Below are the records; repeat exactly their lines between the line holding "Después de la curación" and the line holding "安川電機でロボットを見学", inclusive, skipping the pictures.

━━━

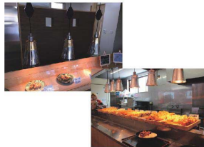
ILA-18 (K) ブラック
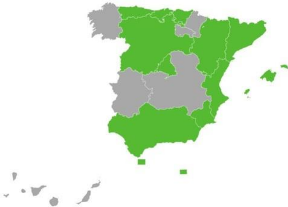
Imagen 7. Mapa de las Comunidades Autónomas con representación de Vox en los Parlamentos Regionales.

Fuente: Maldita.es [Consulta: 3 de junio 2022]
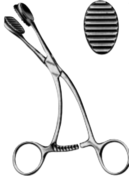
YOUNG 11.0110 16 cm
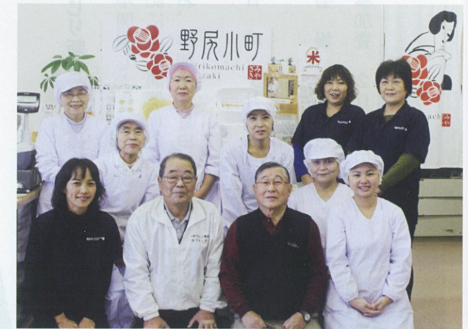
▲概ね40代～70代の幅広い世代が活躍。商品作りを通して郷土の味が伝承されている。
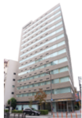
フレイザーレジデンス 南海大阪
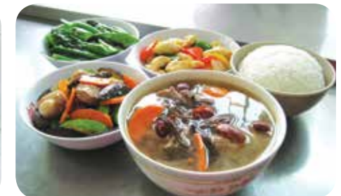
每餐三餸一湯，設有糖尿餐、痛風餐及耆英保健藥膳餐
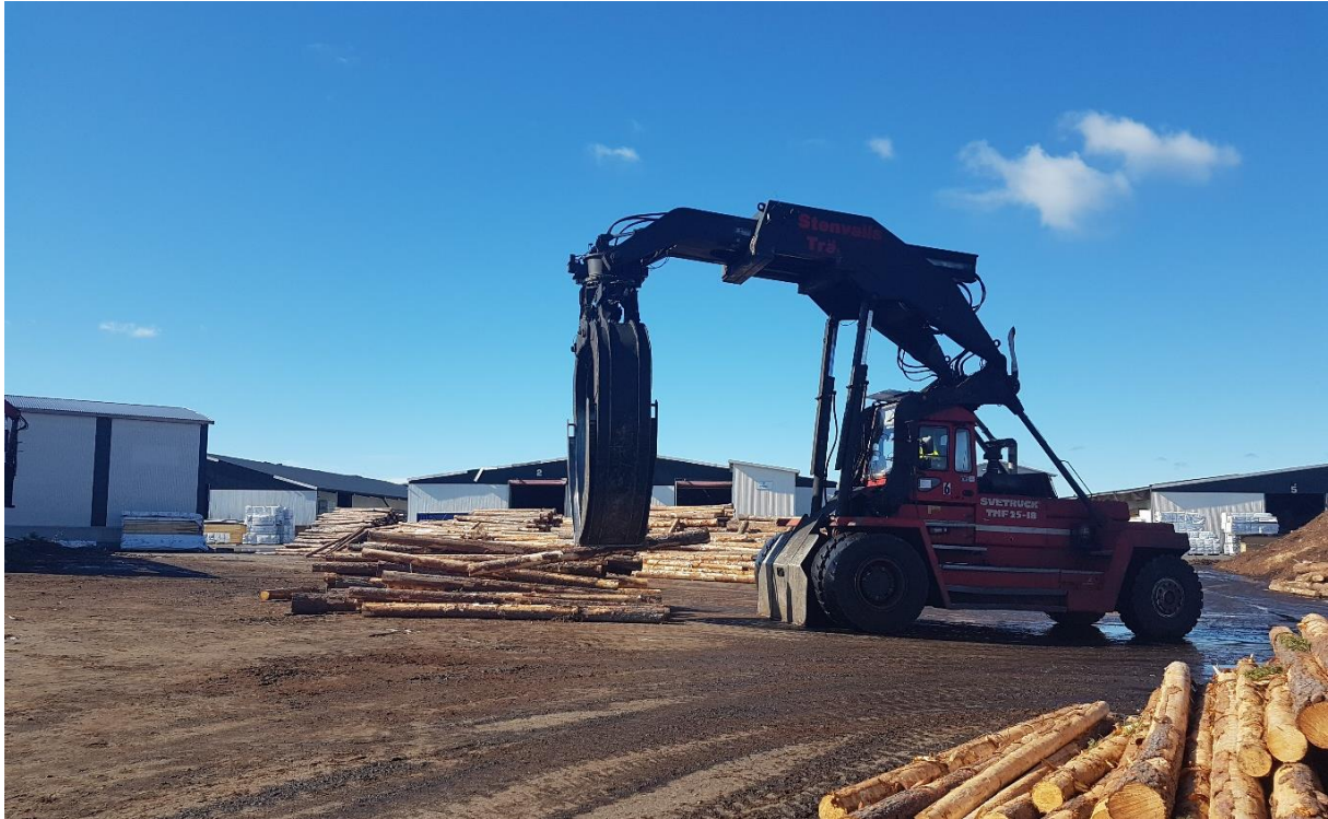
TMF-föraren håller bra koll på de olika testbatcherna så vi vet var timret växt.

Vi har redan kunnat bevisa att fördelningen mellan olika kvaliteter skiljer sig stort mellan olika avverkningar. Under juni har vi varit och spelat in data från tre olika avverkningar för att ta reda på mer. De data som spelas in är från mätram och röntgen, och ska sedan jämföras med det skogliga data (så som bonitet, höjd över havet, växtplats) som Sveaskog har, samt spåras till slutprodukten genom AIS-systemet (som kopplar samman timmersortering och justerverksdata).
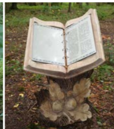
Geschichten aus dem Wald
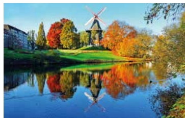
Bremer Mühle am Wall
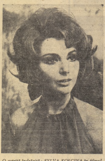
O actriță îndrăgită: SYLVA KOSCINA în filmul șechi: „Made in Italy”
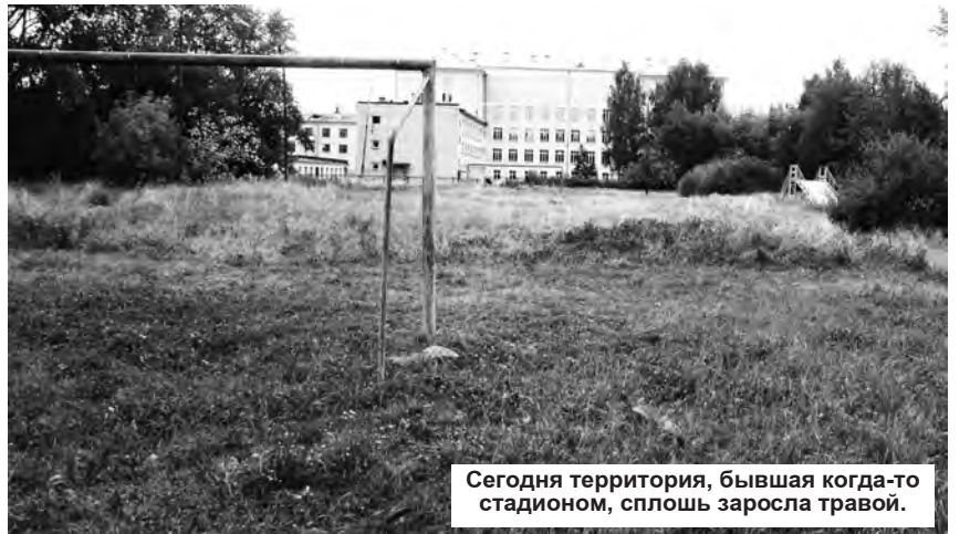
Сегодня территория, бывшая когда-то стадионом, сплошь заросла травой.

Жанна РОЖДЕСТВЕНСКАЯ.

━━━

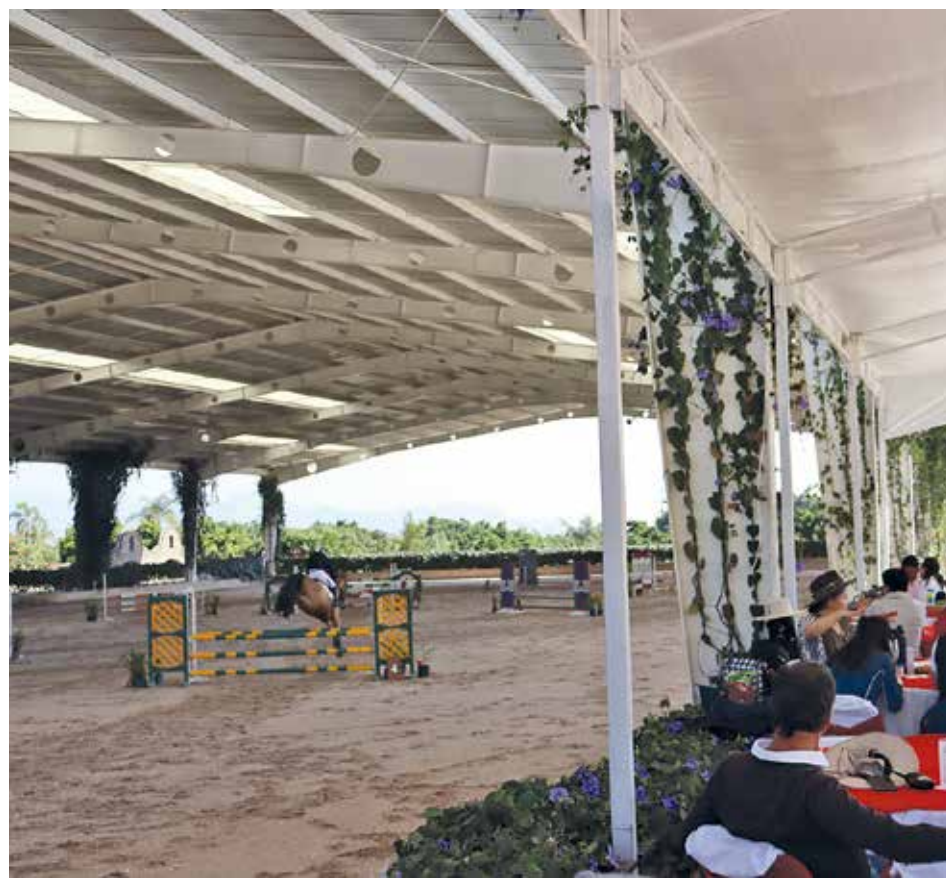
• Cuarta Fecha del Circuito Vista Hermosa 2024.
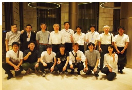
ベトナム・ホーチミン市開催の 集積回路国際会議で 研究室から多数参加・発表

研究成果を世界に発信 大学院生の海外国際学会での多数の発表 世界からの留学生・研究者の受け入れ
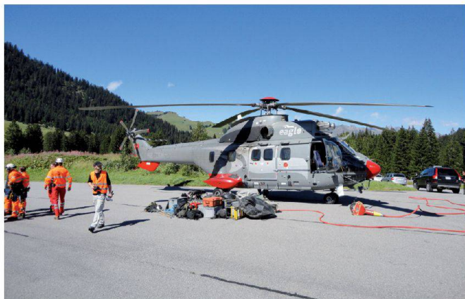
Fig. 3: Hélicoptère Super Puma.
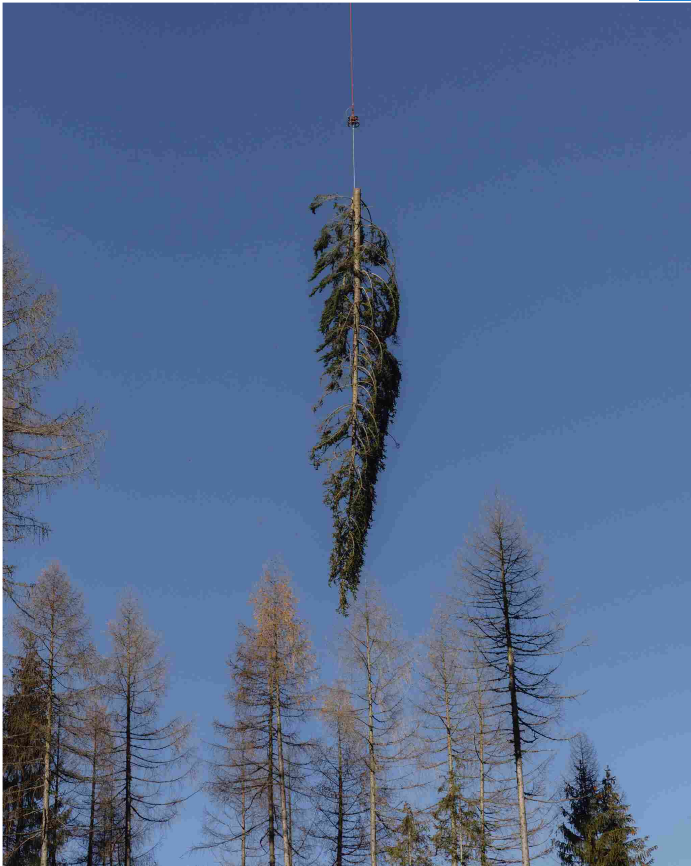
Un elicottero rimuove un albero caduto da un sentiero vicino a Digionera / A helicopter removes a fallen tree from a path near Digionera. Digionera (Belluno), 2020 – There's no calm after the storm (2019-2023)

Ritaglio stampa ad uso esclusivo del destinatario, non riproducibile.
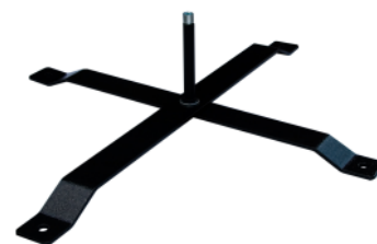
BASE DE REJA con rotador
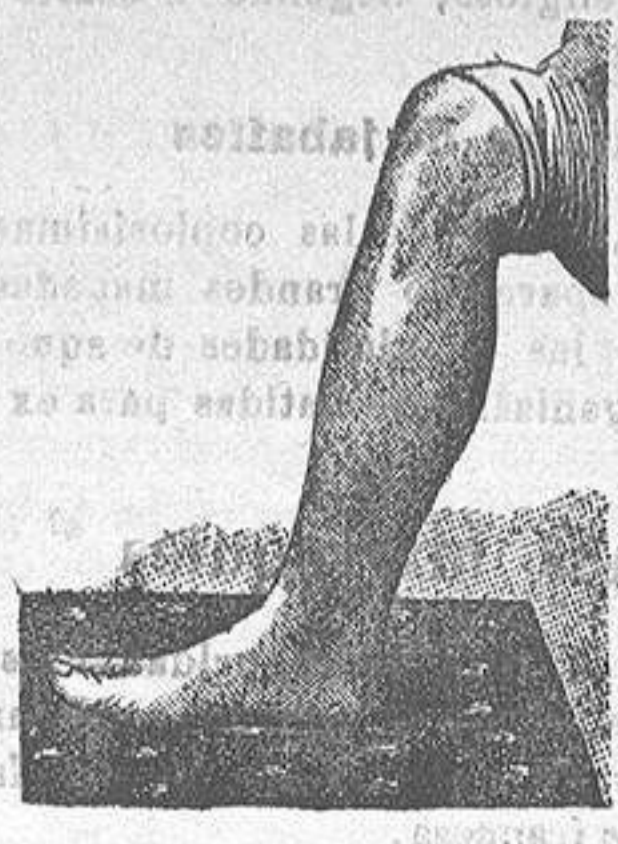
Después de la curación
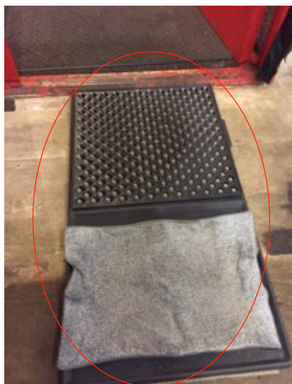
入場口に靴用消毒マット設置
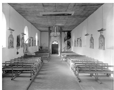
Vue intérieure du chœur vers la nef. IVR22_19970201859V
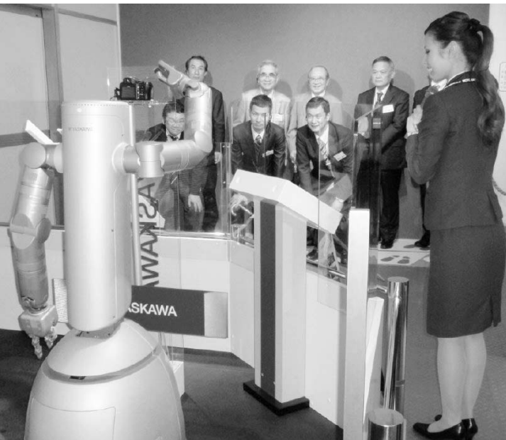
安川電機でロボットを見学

━━━

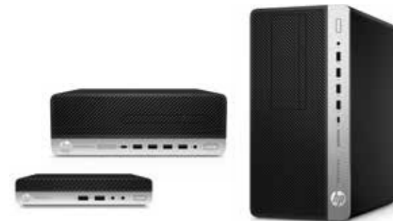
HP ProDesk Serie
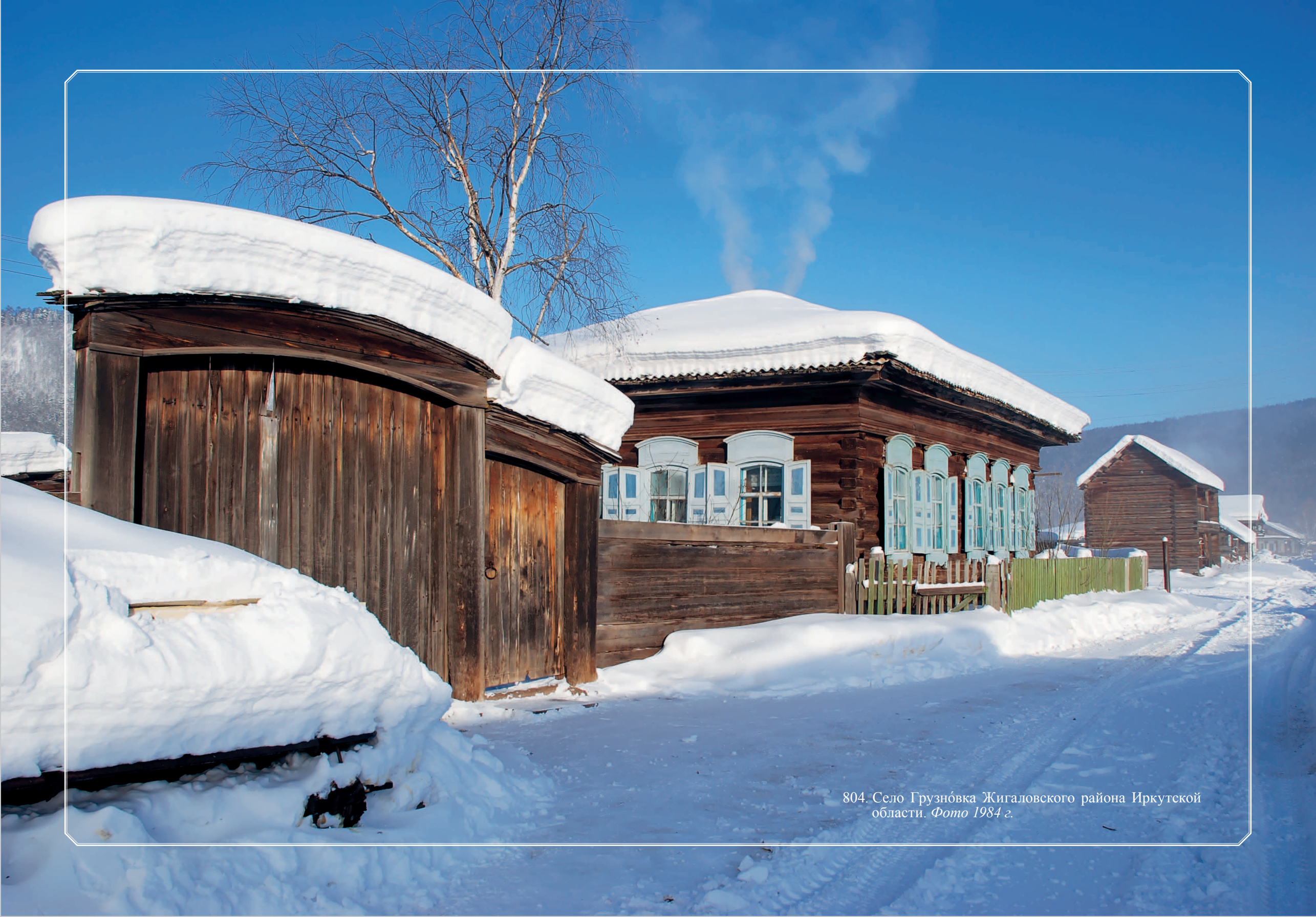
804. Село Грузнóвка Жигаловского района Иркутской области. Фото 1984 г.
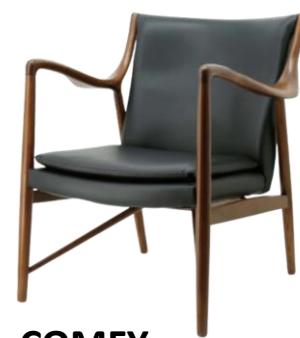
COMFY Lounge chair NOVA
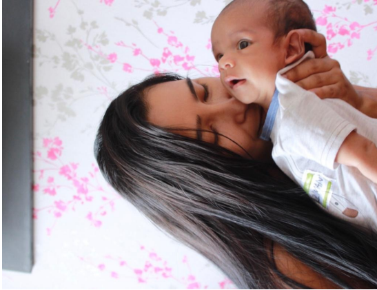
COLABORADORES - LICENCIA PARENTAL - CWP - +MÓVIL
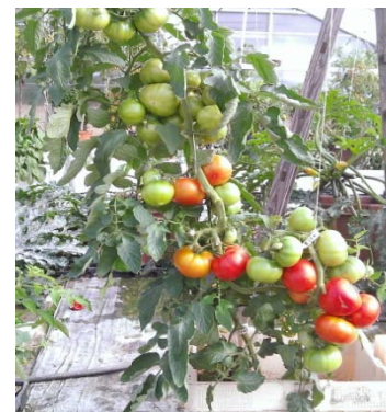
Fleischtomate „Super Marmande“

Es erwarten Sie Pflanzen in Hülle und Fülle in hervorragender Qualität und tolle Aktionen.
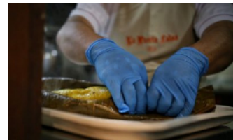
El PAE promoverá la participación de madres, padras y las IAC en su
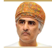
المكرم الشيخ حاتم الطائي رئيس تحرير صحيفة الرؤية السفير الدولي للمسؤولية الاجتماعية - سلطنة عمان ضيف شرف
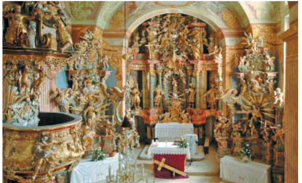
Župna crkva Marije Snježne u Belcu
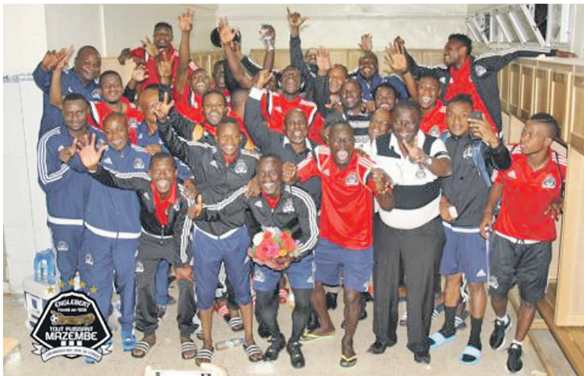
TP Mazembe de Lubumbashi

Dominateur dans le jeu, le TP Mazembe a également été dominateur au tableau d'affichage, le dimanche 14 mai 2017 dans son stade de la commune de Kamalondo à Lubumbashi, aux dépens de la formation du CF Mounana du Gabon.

━━━

— Answer to the problem —
Después de la curación
入場口に靴用消毒マット設置
Vue intérieure du chœur vers la nef. IVR22_19970201859V
安川電機でロボットを見学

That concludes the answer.